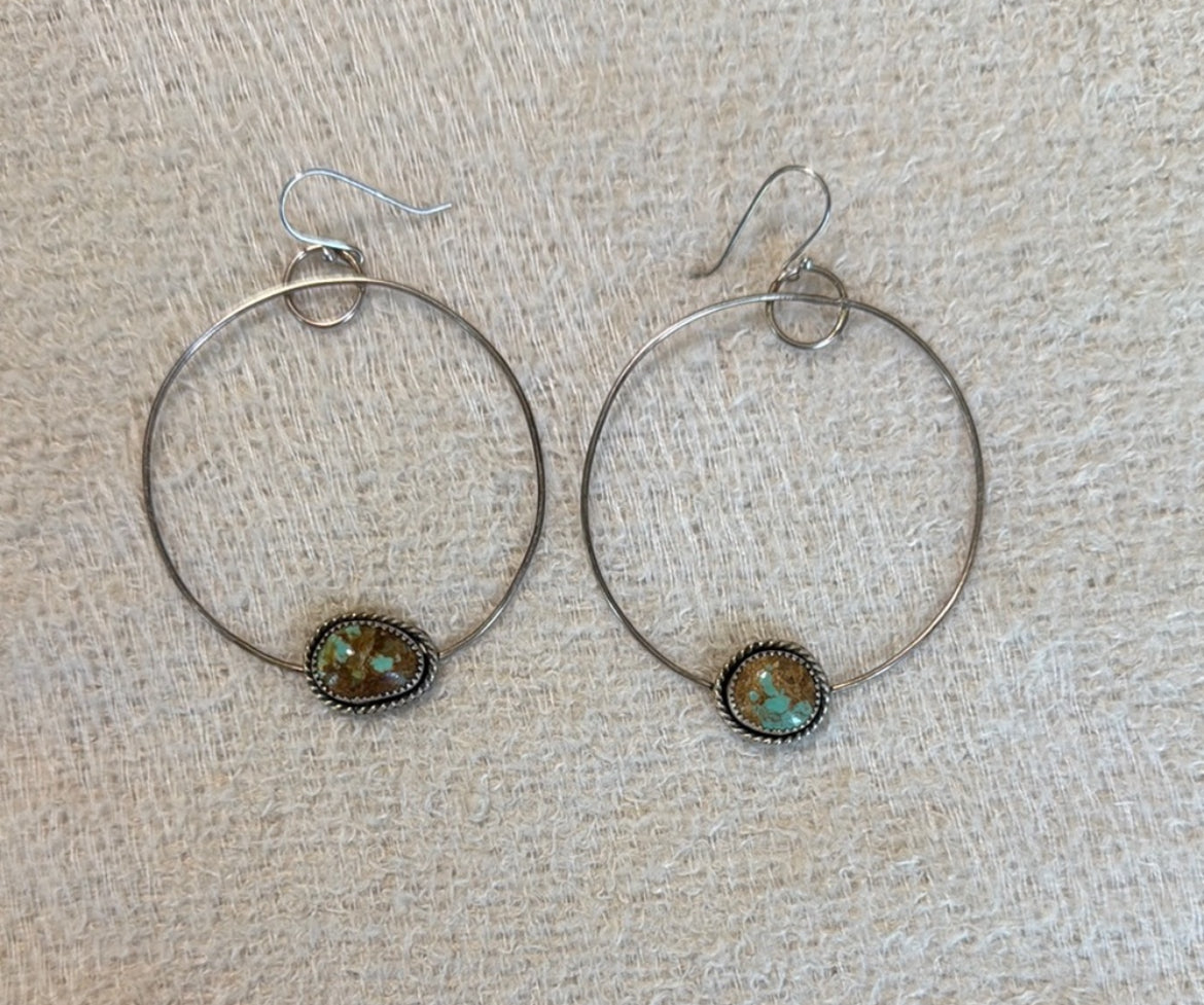 2.25” Sterling silver and Royston hoop earrings. Handmade by Lauren Glenn of Azure Sky
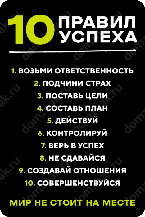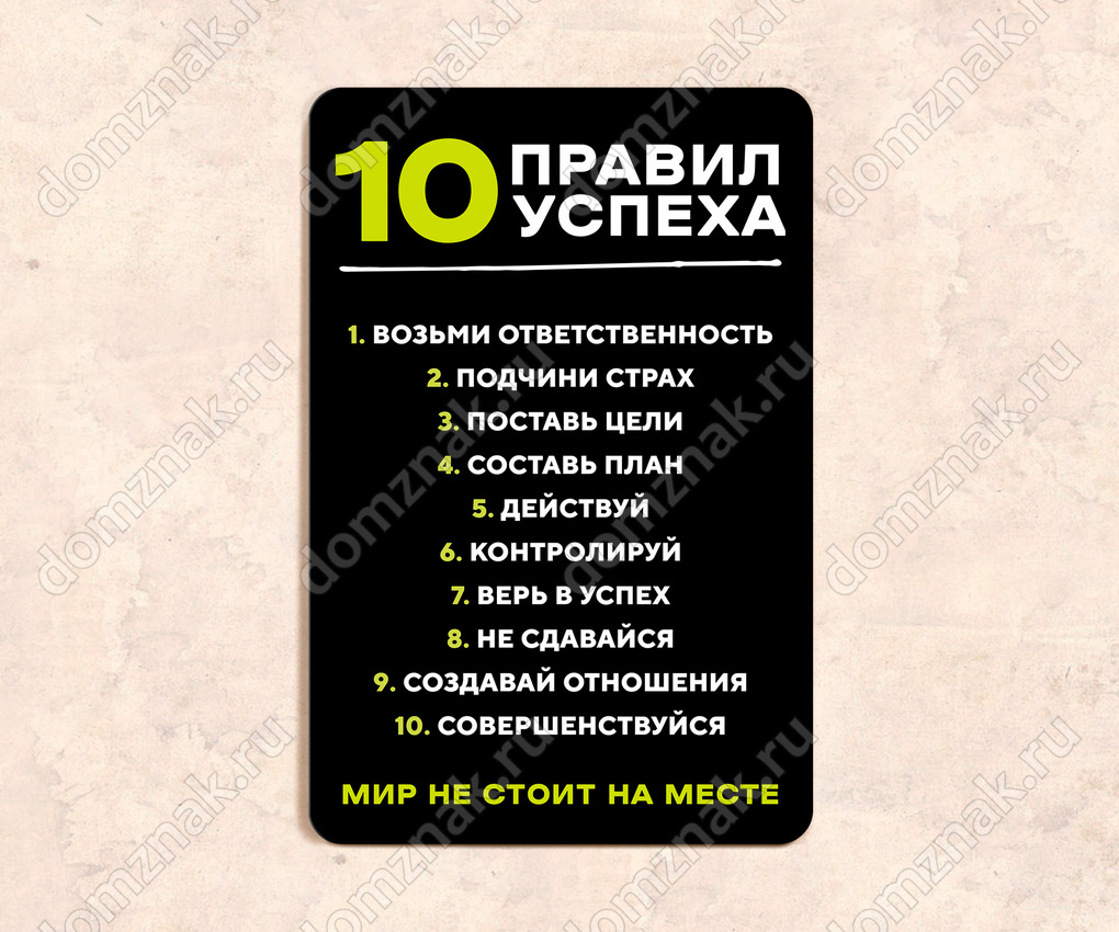 Табличка «10 правил успеха» изготовлена из пластика ПВХ, толщиной 4 мм. Изображение наносится по технологии УФ-печати. Табличка предназначена для использования как в помещении, так и на улице.
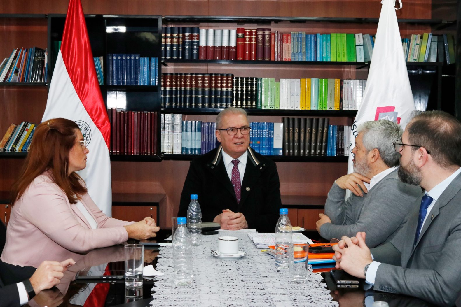 La ministra Cynthia Figueredo participó hoy de la reunión interinstitucional desarrollada en el Ministerio Público, con la presencia del fiscal general de la República, Emiliano Rolón; estuvieron además el ministro del Interior, Enrique Riera; el ministro de la Niñez y la Adolescencia, Walter Gutiérrez; y el ministro de Justicia, Rodrigo Nicora, el punto central de la misma fue reforzar medidas en prevención a la violencia contra la mujer.
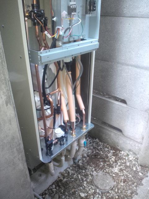 パナソニックの薄型フルオートとダイキン床暖房用ヒートポンプを設置します。
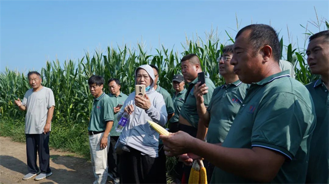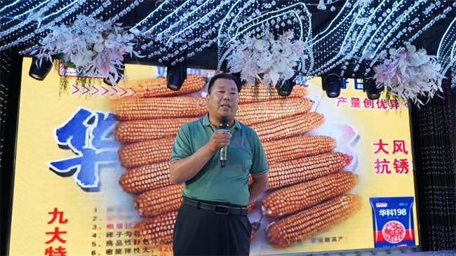 華科農(nóng)業(yè)研發(fā)中心負(fù)責(zé)人張紹峰對華科198的選育、特征特性和栽培技術(shù)要點做詳細(xì)介紹。他表示,華科198聚合優(yōu)勢種質(zhì)資源選育而成,綜合性狀優(yōu)勢明顯:苗齊苗壯,株型緊湊,株高適中,田間通風(fēng)透光,光合作用好;氣生根發(fā)達(dá),扎地深,扎地牢;抗病性好,中抗莖腐病,中抗穗腐??;穗位整齊,結(jié)實性好,棒大棒勻,籽粒飽滿,容重高等特點。最后,張老師還對華科農(nóng)業(yè)后續(xù)優(yōu)良品種做分享。
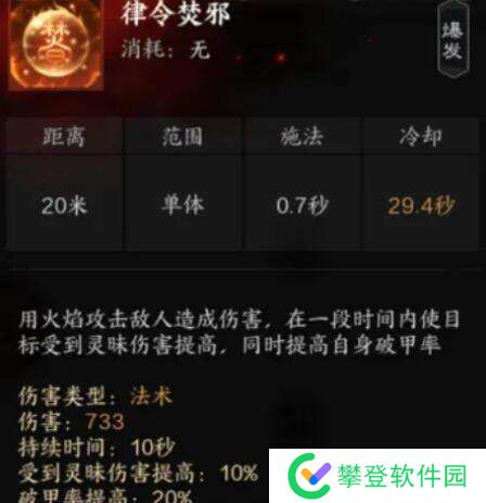 6、律令焚邪:天书三选一技能,单体技能,爆发技能
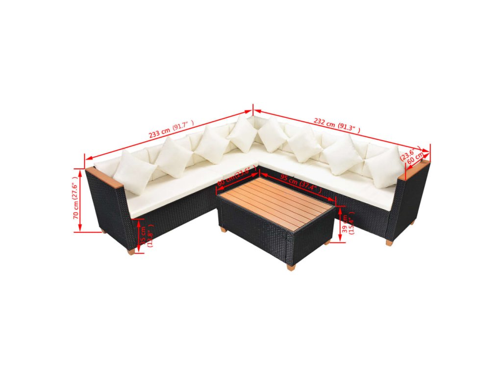 Dodávka zahrnuje dva 2místné pohovkové segmenty (každý s jednou područkou), jeden rohový segment pohovky, jeden 1místný segment pohovky bez područky, jeden konferenční stolek, osm polštářů, osm zádových polštářů a čtyři sedáky. Poznámka: Doporučujeme soupravu za deště, sněhu a mrazu přikrýt.
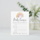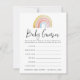 Cute babydusch gissar på ett spelkort med en färgstark vattenfärgad regnbåge överst. Uttrycket "Baby Guesses" finns i ett modernt kalligrafiskt skript. Anpassa med instruktioner om anpassningsbar, gissningskriterier och mamma till att duscha namn och barn. Designen koordinerar med vår Cute and Colorful Watercolor Rainbow and children-samling.
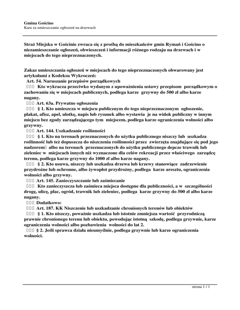 Gmina Gościno Kara za umieszczanie ogłoszeń na drzewach Straż Miejska w Gościnie zwraca się z prośbą do mieszkańców gmin Rymań i Gościno o niezamieszczanie ogłoszeń, obwieszczeń i informacji różnego rodzaju na drzewach i w miejscach do tego nieprzeznaczonych. Zakaz umieszczania ogłoszeń w miejscach do tego nieprzeznaczonych obwarowany jest artykułami z Kodeksu Wykroczeń: Art. 54. Naruszanie przepisów porządkowych Kto wykracza przeciwko wydanym z upoważnienia ustawy przepisom porządkowym o zachowaniu się w miejscach publicznych, podlega karze grzywny do 500 zł albo karze nagany. Art. 63a. Prywatne ogłoszenia § 1. Kto umieszcza w miejscu publicznym do tego nieprzeznaczonym ogłoszenie, plakat, afisz, apel, ulotkę, napis lub rysunek albo wystawia je na widok publiczny w innym miejscu bez zgody zarządzającego tym miejscem, podlega karze ograniczenia wolności albo grzywny. Art. 144. Uszkadzanie roślinności § 1. Kto na terenach przeznaczonych do użytku publicznego niszczy lub uszkadza roślinność lub też dopuszcza do niszczenia roślinności przez zwierzęta znajdujące się pod jego nadzorem albo na terenach przeznaczonych do użytku publicznego depcze trawnik lub zieleniec w miejscach innych niż wyznaczone dla celów rekreacji przez właściwego zarządcę terenu, podlega karze grzywny do 1000 zł albo karze nagany. § 2. Kto usuwa, niszczy lub uszkadza drzewa lub krzewy stanowiące zadrzewienie przydrożne lub ochronne, albo żywopłot przydrożny, podlega karze aresztu, ograniczenia wolności albo grzywny. Art. 145. Zanieczyszczanie lub zaśmiecanie Kto zanieczyszcza lub zaśmieca miejsca dostępne dla publiczności, a w szczególności drogę, ulicę, plac, ogród, trawnik lub zieleniec, podlega karze grzywny do 500 zł albo karze nagany. Dodatkowo: Art. 187. KK Niszczenie lub uszkadzanie chronionych terenów lub obiektów § 1. Kto niszczy, poważnie uszkadza lub istotnie zmniejsza wartość przyrodniczą prawnie chronionego terenu lub obiektu, powodując istotną szkodę, podlega grzywnie, karze ograniczenia wolności albo pozbawienia wolności do lat 2. § 2. Jeśli sprawca działa nieumyślnie, podlega grzywnie lub karze ograniczenia wolności. strona 1 / 1
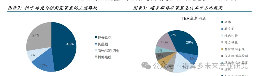 托卡马克主要由环形真空室、磁体和其他辅助设施组成,具有结构简单、造价低,生产周期短,装置迭代快,以及加热成本低等优势,是目前各国投入最大、最接近可控核聚变条件、技术发展最成熟的途径,约占全球核聚变装置的50%。其中,超导材料用于制造超导磁体,超导磁体成本约占装置总成本的30%-40%。不同类型的超导材料占比存在差异,低温超导磁体在装置中的成本占比低于高温超导。参考FIRE项目,ITER反应堆采用低温超导,其超导磁体的价值量占比在28%左右。
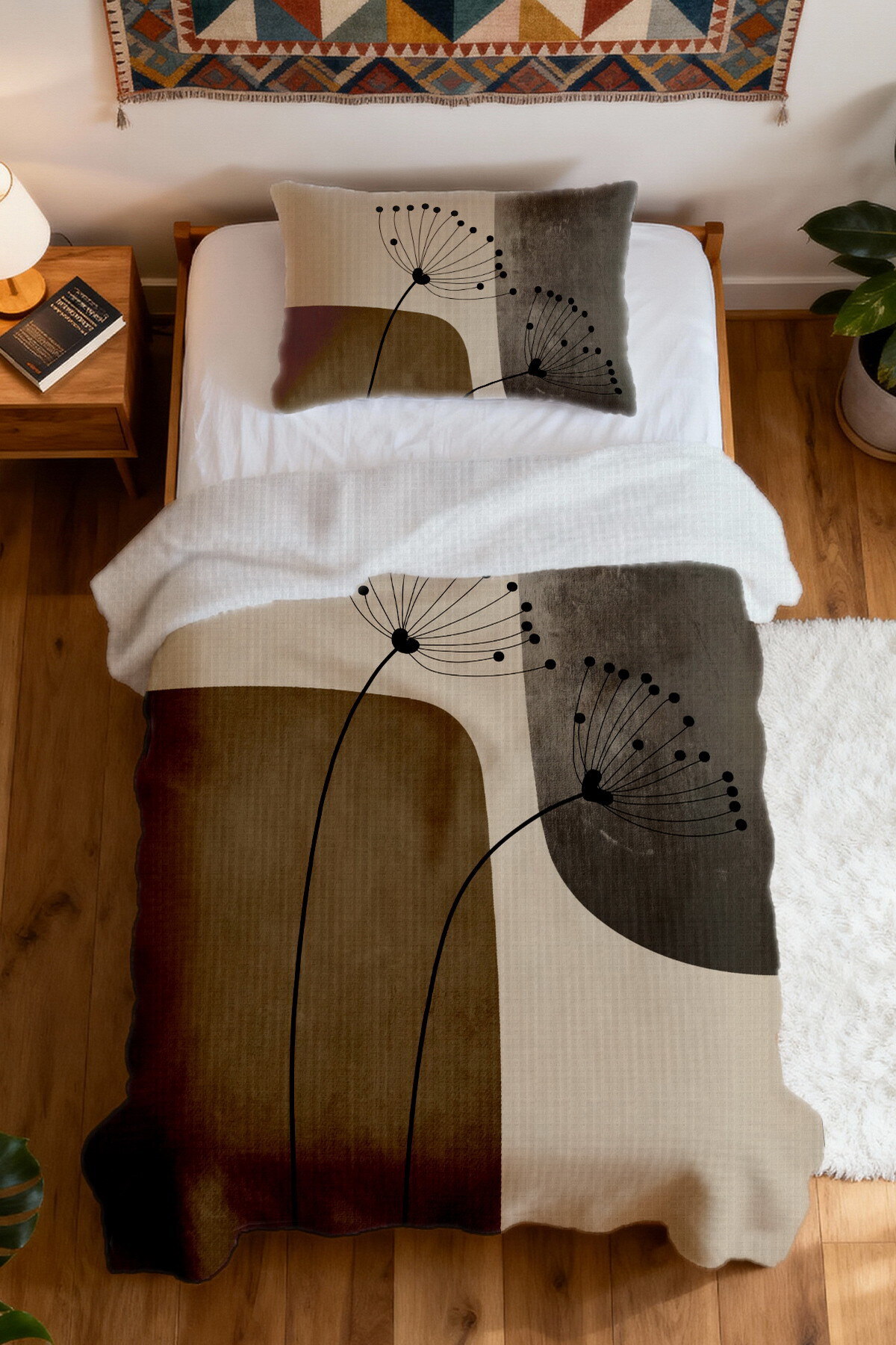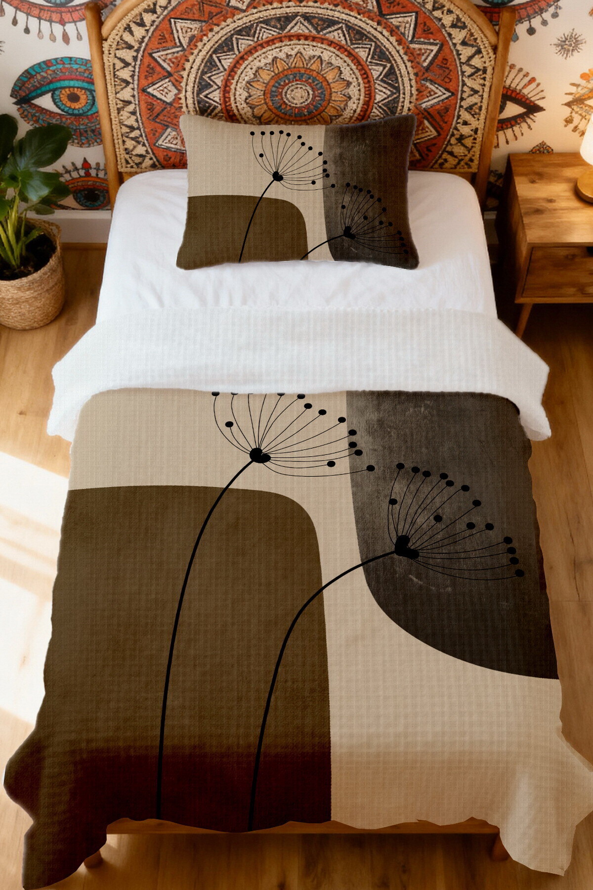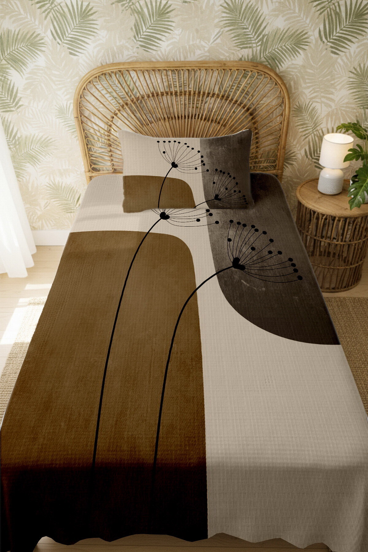 %100 Pamuk Kahverengi Karahindibağlar Desenli Tek Kişilik Pike Seti
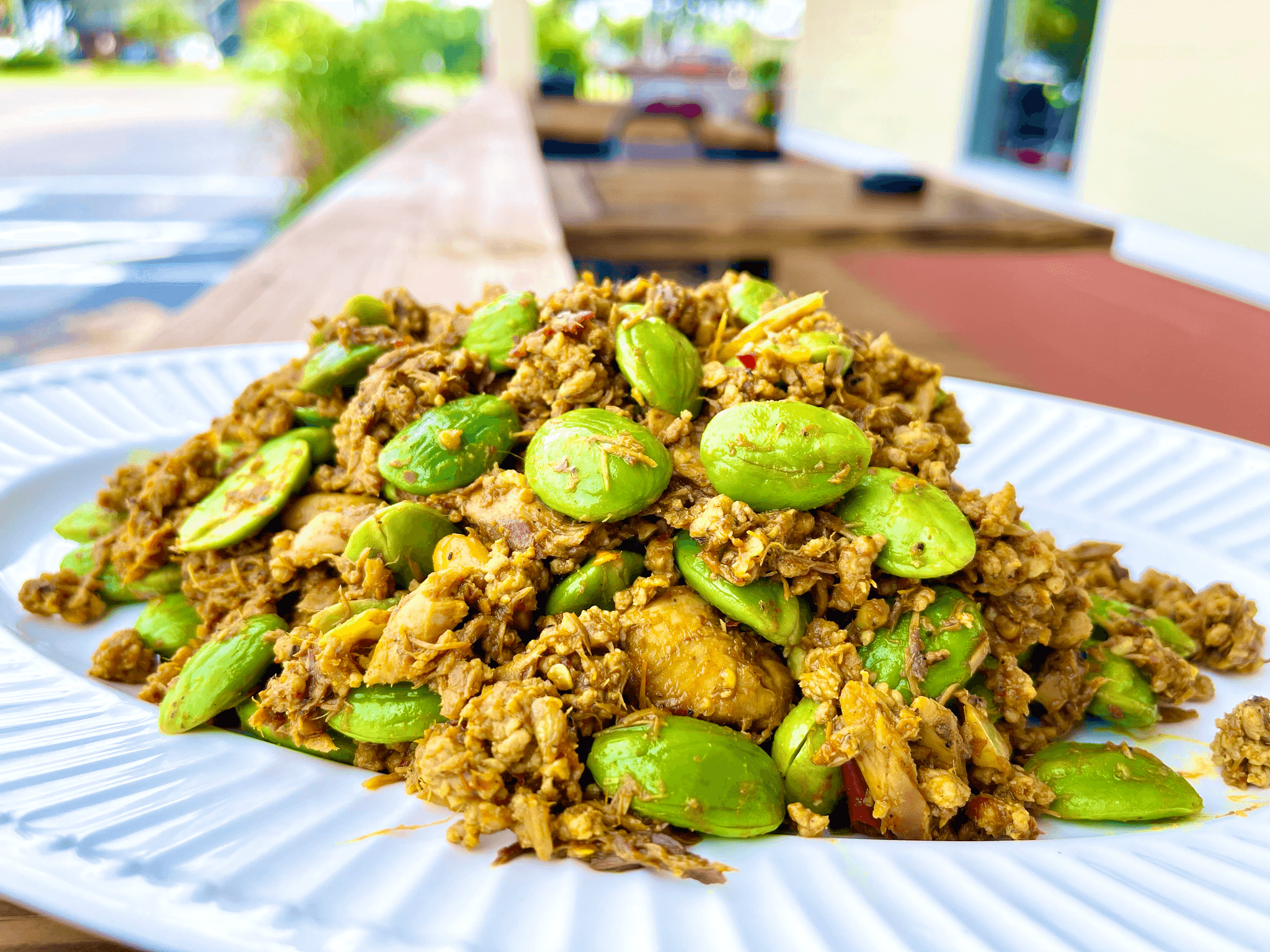 Steamed jasmine rice topped with classic Thai style omelette served with housemade sriracha hot sauce.

## Activity
Could you set down, exactly as written, every line from the start of the records above through the line containing "パナソニックの薄型フルオートとダイキン床暖房用ヒートポンプを設置します。", leaving the pictures out?

## Finished exercise
 2.25” Sterling silver and Royston hoop earrings. Handmade by Lauren Glenn of Azure Sky
 Табличка «10 правил успеха» изготовлена из пластика ПВХ, толщиной 4 мм. Изображение наносится по технологии УФ-печати. Табличка предназначена для использования как в помещении, так и на улице.
 La ministra Cynthia Figueredo participó hoy de la reunión interinstitucional desarrollada en el Ministerio Público, con la presencia del fiscal general de la República, Emiliano Rolón; estuvieron además el ministro del Interior, Enrique Riera; el ministro de la Niñez y la Adolescencia, Walter Gutiérrez; y el ministro de Justicia, Rodrigo Nicora, el punto central de la misma fue reforzar medidas en prevención a la violencia contra la mujer.
 パナソニックの薄型フルオートとダイキン床暖房用ヒートポンプを設置します。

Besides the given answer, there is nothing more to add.